Exercise details: It would help if you retyped the data exactly, leaving out the pictures.

Exercise data:
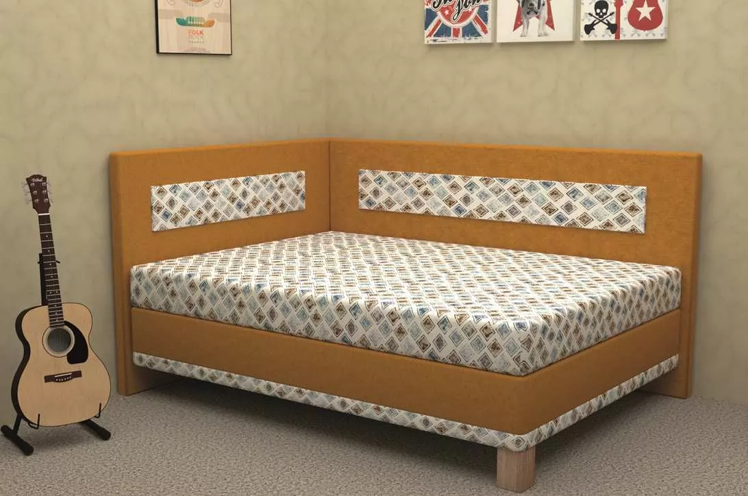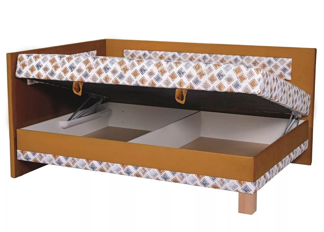 Součástí postele je pevný smrkový rošt a pružinová matrace Kombiflex. Úložný prostor se otvírá z boku. Potah matrace je prošitý. Celá konstrukce postele stojí na nožkách o výšce 15 cm.
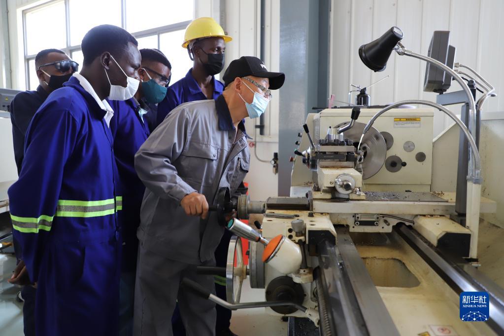 2021年11月9日,在位于乌干达中部穆科诺地区纳曼韦工业园的中国援乌工业技能培训与生产中心,一名中方导师为学员演示如何操作机械。新华社记者 张改萍 摄
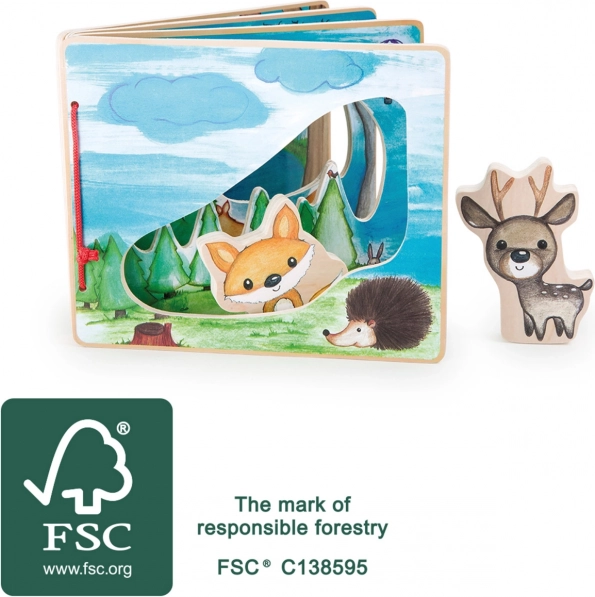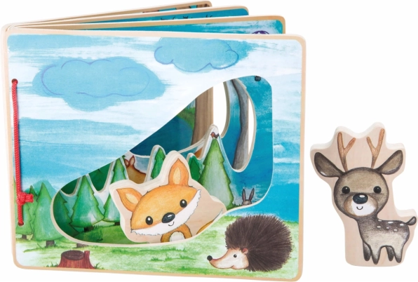 Vstupte do hlubokého lesa s interaktivní dřevěnou knihou, která stimuluje fantazii dětí. Díky figurkám lišky a jelena, které pomáhají objevovat flóru a faunu, se stane každá hra jedinečným zážitkem.

Answer for this exercise:
 Součástí postele je pevný smrkový rošt a pružinová matrace Kombiflex. Úložný prostor se otvírá z boku. Potah matrace je prošitý. Celá konstrukce postele stojí na nožkách o výšce 15 cm.
 2021年11月9日,在位于乌干达中部穆科诺地区纳曼韦工业园的中国援乌工业技能培训与生产中心,一名中方导师为学员演示如何操作机械。新华社记者 张改萍 摄
 Vstupte do hlubokého lesa s interaktivní dřevěnou knihou, která stimuluje fantazii dětí. Díky figurkám lišky a jelena, které pomáhají objevovat flóru a faunu, se stane každá hra jedinečným zážitkem.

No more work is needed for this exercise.